Let $Z_+$ denote the set of positive integers. Consider the following relations on $Z_+ \times Z_+$:
The dictionary order; that is, $(x_0,y_0) < (x_1,y_1)$ if either $x_0 < x_1$, or $x_0 = x_1$ and $y_0 < y_1$.
$(x_0, y_0) < (x_1,y_1)$ if either $x_0 - y_0 < x_1 - y_1$, or $x_0 - y_0 = x_1 - y_1$ and $y_0 < y_1$.
$(x_0, y_0) < (x_1,y_1)$ if either $x_0 + y_0 < x_1 + y_1$, or $x_0 + y_0 = x_1 + y_1$ and $y_0 < y_1$.
In these order relations, which elements have immediate predecessors?

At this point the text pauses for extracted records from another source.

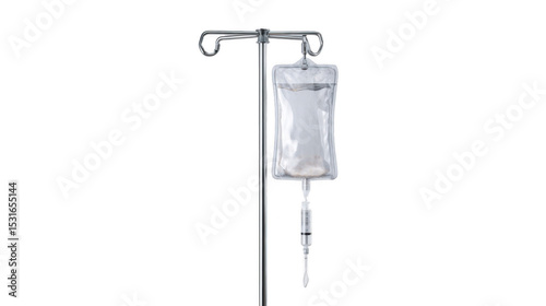 Iv drip filled with saline solution, suspended on a metal pole, isolated against a transparent background, prepared for infusion therapy in a healthcare environment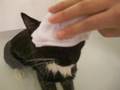 Cat taking Japanese style bath ( towel on head )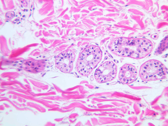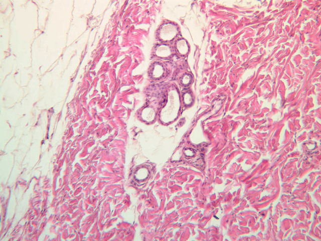 4 Capillary C H&E a48b gland abdominal skin 40x labeled.jpgA48, Abdominal Skin, 40x

In which order relations, does the set $Z_+ \times Z_+$ have a smallest element?
How to show that all the above three order types are different?
Let $A$ and $B$ be two non-empty sets with the order relations $<_A$ and $<_B$, respectively. Then the sets $A$ and $B$ are said to have the same order types if there exists a bijective function $f \colon A \to B$ such that $a_1 <_A a_2$ implies $f(a_1) <_B f(a_2)$ for any pair of elements $a_1$, $a_2$ in $A$. Otherwise, $A$ and $B$ are said to have different order types.
I think I've arrived at the answers to my own questions.
In the dictionary order relation, each element of $Z_+ \times Z_+$ has an immediate predecessor, except for elements of the form $(m, 1)$ for any $m \in Z_+$. Thus, the elements $(1,1)$, $(2,1)$, $(3,1)$, $...$ have no immediate predecessors; all other elements have immediate predecessors. The element $(1,1)$ is the smallest element in the dictionary ordering of $Z_+ \times Z_+$.
In the order defined as $(x_0,y_0) < (x_1,y_1)$ if $x_0-y_0 < x_1-y_1$, or $x_0-y_0 = x_1-y_1$ and $y_0 < y_1$, each element $(m,n)$ has as its immediate predecessor the element $(m-1, n-1)$, provided that $m>1$ and $n>1$; the elements of the form $(m,1)$ and $(1,n)$ have no immediate predecessors. For every element $(m,n)$, the element $(m,n+1)$ precedes it in this ordering; so there's no smallest element under this ordering of $Z_+ \times Z_+$.
In the order defined as $(x_0,y_0) < (x_1,y_1)$ if $x_0+y_0 < x_1+y_1$, or $x_0+y_0 = x_1+y_1$ and $y_0 < y_1$, every element $(m,n)$ has an immediate predecessor, namely the element $(m+1,n-1)$, except the element $(1,1)$, which has no immediate predecessor. The element $(1,1)$ is the smallest element.
From the above observations, it is now easy to show these three orderings to be different.